Today at ~10:50 CEST, all of my slaves went down, and it is impossible to relaunch them. All of them suddenly show the following error in the log:
[07/08/16 15:01:58] [SSH] Starting slave process: cd "/localworkspaces/coverity/jenkins" && /opt/java1.7_x86_64/bin/java -Xmx2g -Xms2g -verbose:gc -Xloggc:/tmp/gc.log -XX:+PrintGCDetails -XX:+PrintGCDateStamps -XX:+PrintHeapAtGC -XX:+HeapDumpOnOutOfMemoryError -jar slave.jar <===[JENKINS REMOTING CAPACITY]===>channel started hudson.util.IOException2: Slave JVM has not reported exit code. Is it still running? at hudson.plugins.sshslaves.SSHLauncher.startSlave(SSHLauncher.java:984) at hudson.plugins.sshslaves.SSHLauncher.access$400(SSHLauncher.java:137) at hudson.plugins.sshslaves.SSHLauncher$2.call(SSHLauncher.java:725) at hudson.plugins.sshslaves.SSHLauncher$2.call(SSHLauncher.java:706) at java.util.concurrent.FutureTask.run(FutureTask.java:266) at java.util.concurrent.ThreadPoolExecutor.runWorker(ThreadPoolExecutor.java:1142) at java.util.concurrent.ThreadPoolExecutor$Worker.run(ThreadPoolExecutor.java:617) at java.lang.Thread.run(Thread.java:745) Caused by: java.io.IOException: Remote call on socvm458 failed at hudson.remoting.Channel.call(Channel.java:789) at hudson.slaves.SlaveComputer.setChannel(SlaveComputer.java:516) at hudson.slaves.SlaveComputer.setChannel(SlaveComputer.java:389) at hudson.plugins.sshslaves.SSHLauncher.startSlave(SSHLauncher.java:976) ... 7 more Caused by: java.lang.OutOfMemoryError: GC overhead limit exceeded [07/08/16 15:02:01] Launch failed - cleaning up connection [07/08/16 15:02:01] [SSH] Connection closed. ERROR: Connection terminated java.io.IOException: Unexpected termination of the channel at hudson.remoting.SynchronousCommandTransport$ReaderThread.run(SynchronousCommandTransport.java:73) Caused by: java.io.EOFException at java.io.ObjectInputStream$PeekInputStream.readFully(ObjectInputStream.java:2353) at java.io.ObjectInputStream$BlockDataInputStream.readShort(ObjectInputStream.java:2822) at java.io.ObjectInputStream.readStreamHeader(ObjectInputStream.java:804) at java.io.ObjectInputStream.<init>(ObjectInputStream.java:301) at hudson.remoting.ObjectInputStreamEx.<init>(ObjectInputStreamEx.java:48) at hudson.remoting.AbstractSynchronousByteArrayCommandTransport.read(AbstractSynchronousByteArrayCommandTransport.java:34) at hudson.remoting.SynchronousCommandTransport$ReaderThread.run(SynchronousCommandTransport.java:59)

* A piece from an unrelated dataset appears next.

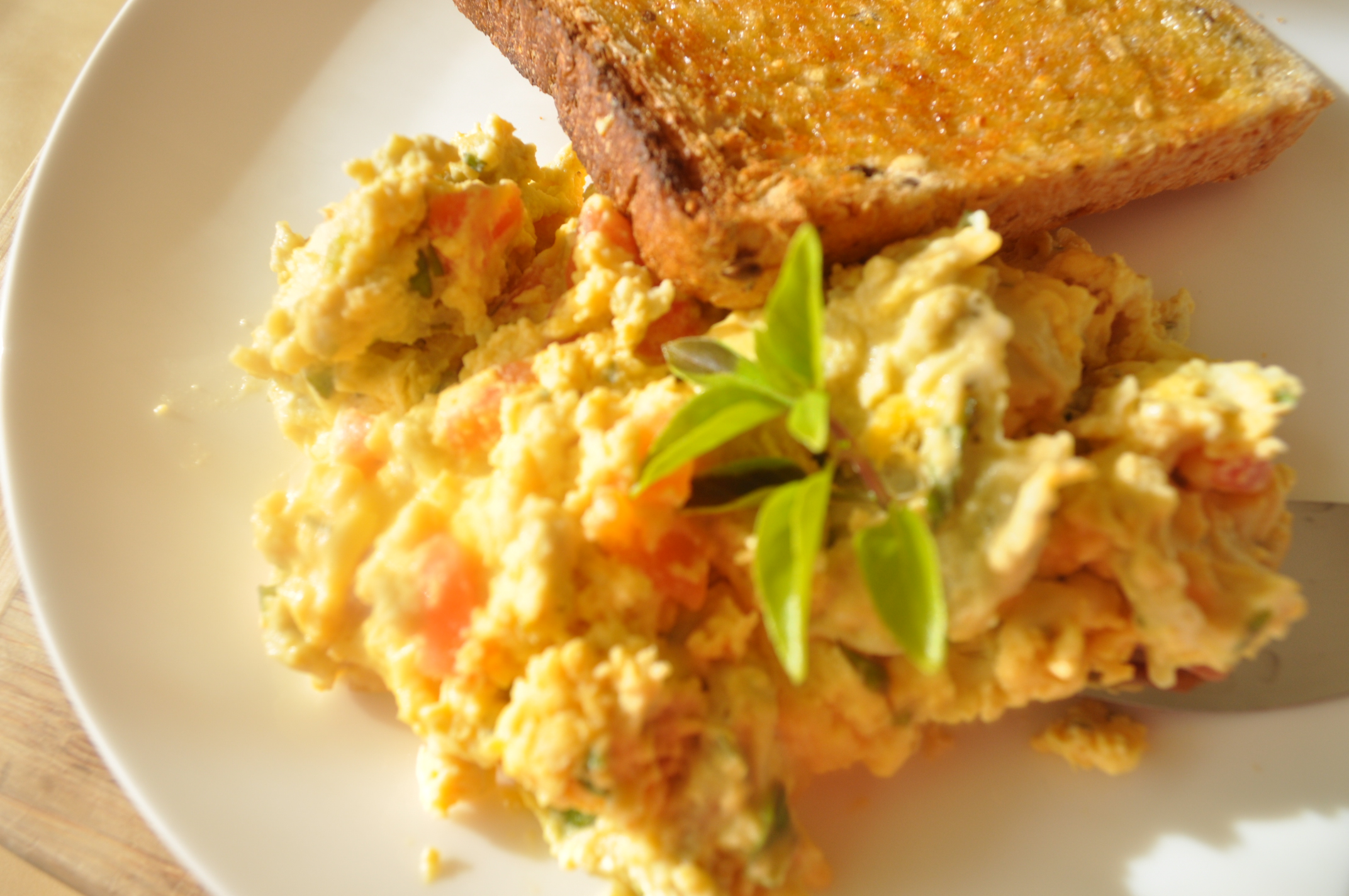 This easy SCRAMBLED EGGS WITH FINES HERBES AND TOMATOES Recipe. Step-by-Step. is perfect for busy families. Comes together quickly with a few staple ingredients!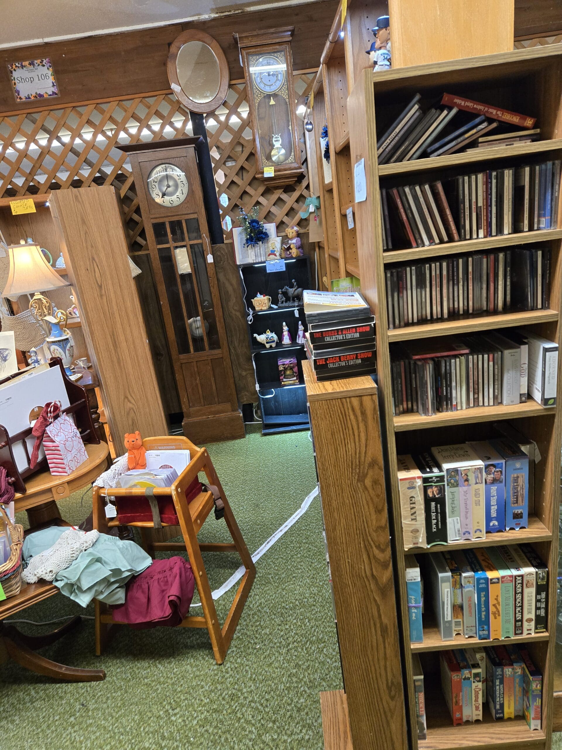 Toward the back, floor-to-ceiling bookshelves hold a deep selection of books, DVDs, VHS tapes, and classic TV collector's editions like The Burns & Allen Show and The Jack Benny Show. Baseball bobbleheads top the shelves, and a handsome pendulum wall clock and a tall Arts and Crafts style grandfather clock with leaded glass panels anchor the back wall. Vinyl records, greeting cards, and a vintage wooden high chair round out a shop that feels like browsing through a favorite grandmother's home.

I have already tried to increase the memory size and provide debugging options to JVM as described here: https://cloudbees.zendesk.com/hc/en-us/articles/204529970-Java-Heap-Out-of-Memory-Exception
... but to no effect. All my slaves are down, and I can't get them running again.
This is the gc.log:
Heap PSYoungGen total 611648K, used 41943K [0x00000007d5560000, 0x0000000800000000, 0x0000000800000000) eden space 524288K, 8% used [0x00000007d5560000,0x00000007d7e55da8,0x00000007f5560000) from space 87360K, 0% used [0x00000007faab0000,0x00000007faab0000,0x0000000800000000) to space 87360K, 0% used [0x00000007f5560000,0x00000007f5560000,0x00000007faab0000) ParOldGen total 1398144K, used 0K [0x0000000780000000, 0x00000007d5560000, 0x00000007d5560000) object space 1398144K, 0% used [0x0000000780000000,0x0000000780000000,0x00000007d5560000) PSPermGen total 21248K, used 6741K [0x000000077ae00000, 0x000000077c2c0000, 0x0000000780000000) object space 21248K, 31% used [0x000000077ae00000,0x000000077b4957e0,0x000000077c2c0000)
....now that I have restarted Jenkins, the slaves came up, too.
So, unless you want to do a postmortem analysis, this can be closed.